[Aim of the exercise] Write out every line exactly, from the start of the records below to the line with "Với kết quả", and stop there. Don't write out the pictures.

Data excerpts
----
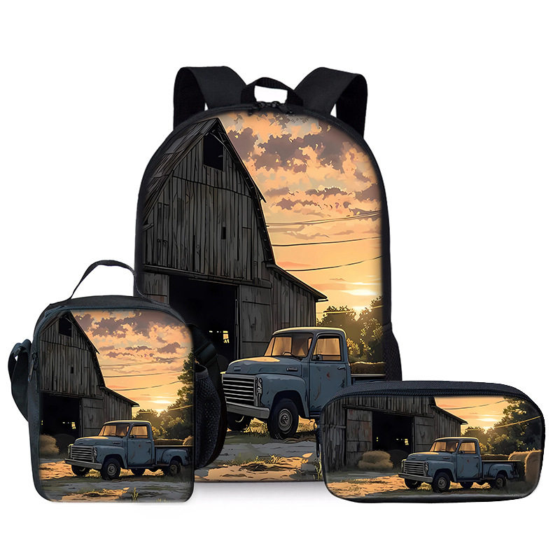 日落汽车书包学生儿童宝宝三件套双肩包餐包笔袋时尚百搭便携可爱
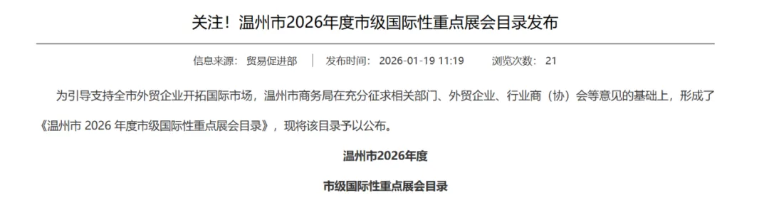 《温州市 2026 年度市级国际性重点展会目录》
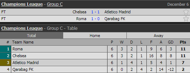 Với kết quả hòa 1-1 ở trận này, Chelsea chỉ đứng vị trí thứ 2 tại bảng C khi cùng có được 11 điểm qua 6 trận như AS Roma nhưng xếp sau vì thua thành tích đối đầu. Trong khi đó, Atletico xếp thứ 3 với 7 điểm. Điều đó có nghĩa, thầy trò HLV Diego Simeone phải xuống chơi ở vòng 1/16 Europa League.
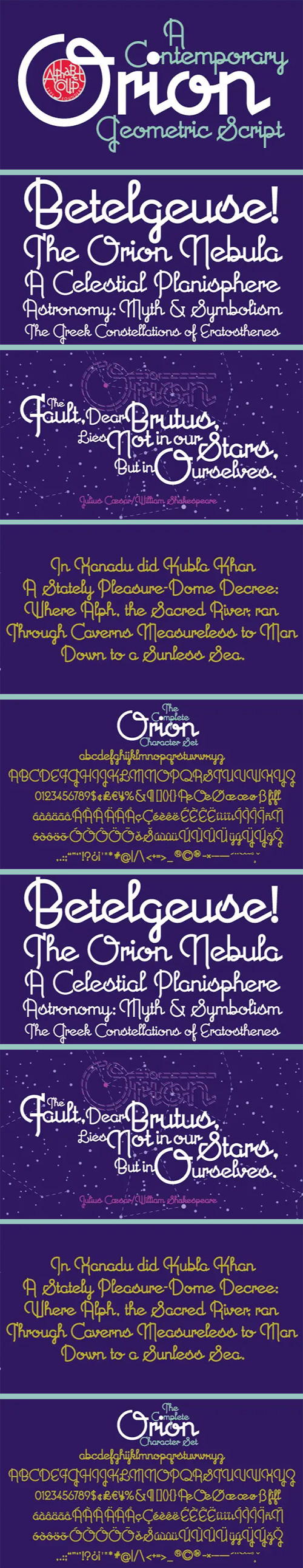 - A font where “each word that’s set approaches becoming its own logo” is how some have described this unique typeface. Originally inspired by an enamel sign he picked up at a Paris flea market, Michael Doret says that the seven letters contained in the sign were enough to suggest to him that here were letterforms put together in a way that he had never seen in a contemporary digital font. Always eager to create something a little out of the ordinary, he took up the challenge to flesh out the forms into a complete font. Orion can be defined as a geometric, connecting script that is at once contemporary, yet classic and timeless.
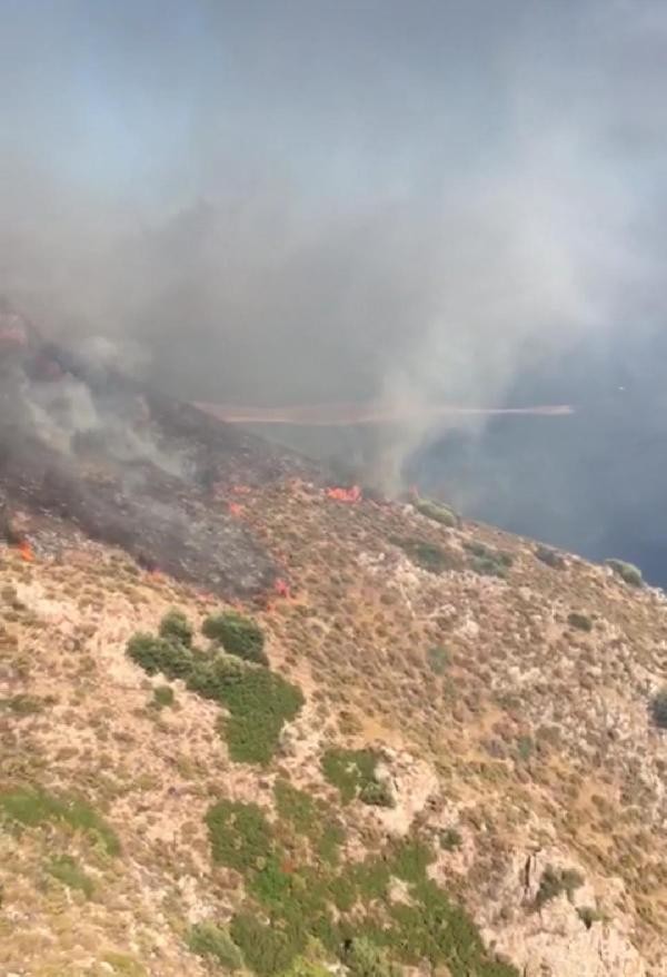 Muğla'nın Datça ilçesindeki makilik alanda yangın çıktı. Yangına, havadan ve karadan müdahaleye başlandı.
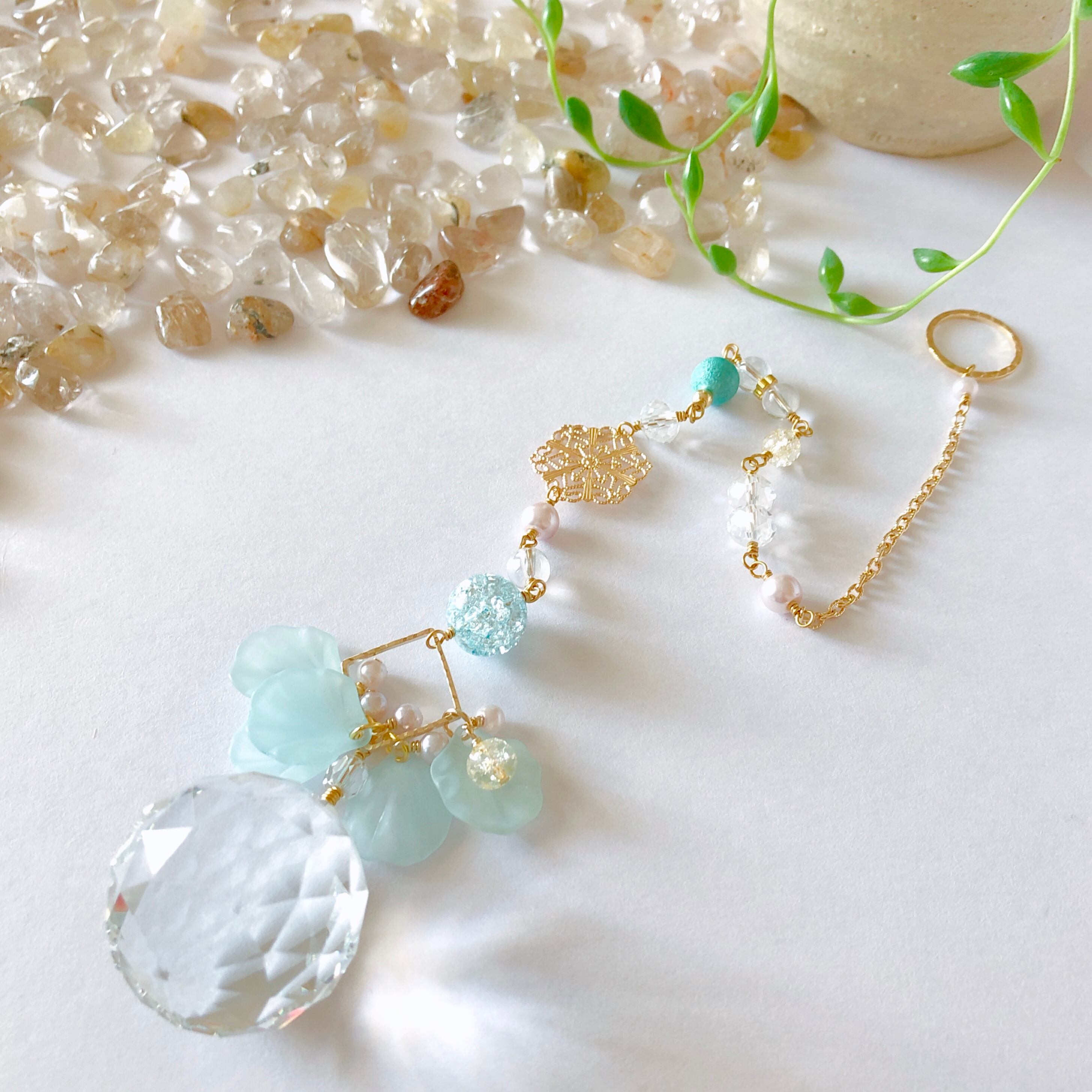 ブルースターのように水色の花びらきらめくクリスタルのサンキャッチャー。
----
[Response below]
 日落汽车书包学生儿童宝宝三件套双肩包餐包笔袋时尚百搭便携可爱
 《温州市 2026 年度市级国际性重点展会目录》
 Với kết quả hòa 1-1 ở trận này, Chelsea chỉ đứng vị trí thứ 2 tại bảng C khi cùng có được 11 điểm qua 6 trận như AS Roma nhưng xếp sau vì thua thành tích đối đầu. Trong khi đó, Atletico xếp thứ 3 với 7 điểm. Điều đó có nghĩa, thầy trò HLV Diego Simeone phải xuống chơi ở vòng 1/16 Europa League.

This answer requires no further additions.